ASSIGNMENT —
Reproduce the listing below from the line with "Co-Hosts and Participants" to the line with "Jus énergisant à", both lines included, character for character, minus any pictures.

EXERCISE DATA —

==========

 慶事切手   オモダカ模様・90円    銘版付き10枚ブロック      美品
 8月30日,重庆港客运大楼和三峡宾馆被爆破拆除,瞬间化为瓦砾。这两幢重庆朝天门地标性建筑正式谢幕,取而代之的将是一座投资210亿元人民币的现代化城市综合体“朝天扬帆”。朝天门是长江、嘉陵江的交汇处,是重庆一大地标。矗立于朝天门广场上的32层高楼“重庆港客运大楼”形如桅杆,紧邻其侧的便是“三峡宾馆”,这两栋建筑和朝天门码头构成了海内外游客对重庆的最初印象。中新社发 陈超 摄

==========

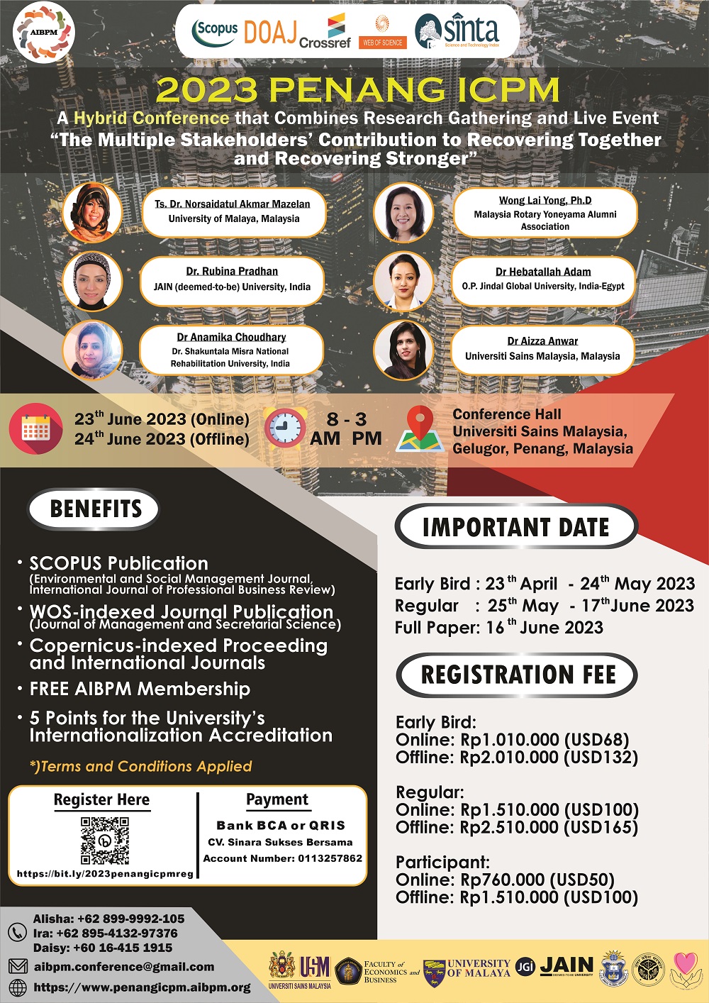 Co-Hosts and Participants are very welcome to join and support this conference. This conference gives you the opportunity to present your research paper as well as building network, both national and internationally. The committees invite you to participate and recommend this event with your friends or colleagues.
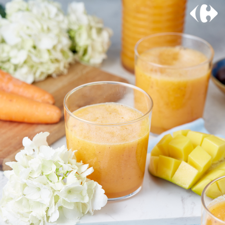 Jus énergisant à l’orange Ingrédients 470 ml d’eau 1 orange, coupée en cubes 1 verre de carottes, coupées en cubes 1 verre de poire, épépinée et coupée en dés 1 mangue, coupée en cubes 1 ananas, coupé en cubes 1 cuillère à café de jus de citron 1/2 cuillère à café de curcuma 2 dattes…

==========

ANSWER TO THIS PROBLEM —
 Co-Hosts and Participants are very welcome to join and support this conference. This conference gives you the opportunity to present your research paper as well as building network, both national and internationally. The committees invite you to participate and recommend this event with your friends or colleagues.
 Jus énergisant à l’orange Ingrédients 470 ml d’eau 1 orange, coupée en cubes 1 verre de carottes, coupées en cubes 1 verre de poire, épépinée et coupée en dés 1 mangue, coupée en cubes 1 ananas, coupé en cubes 1 cuillère à café de jus de citron 1/2 cuillère à café de curcuma 2 dattes…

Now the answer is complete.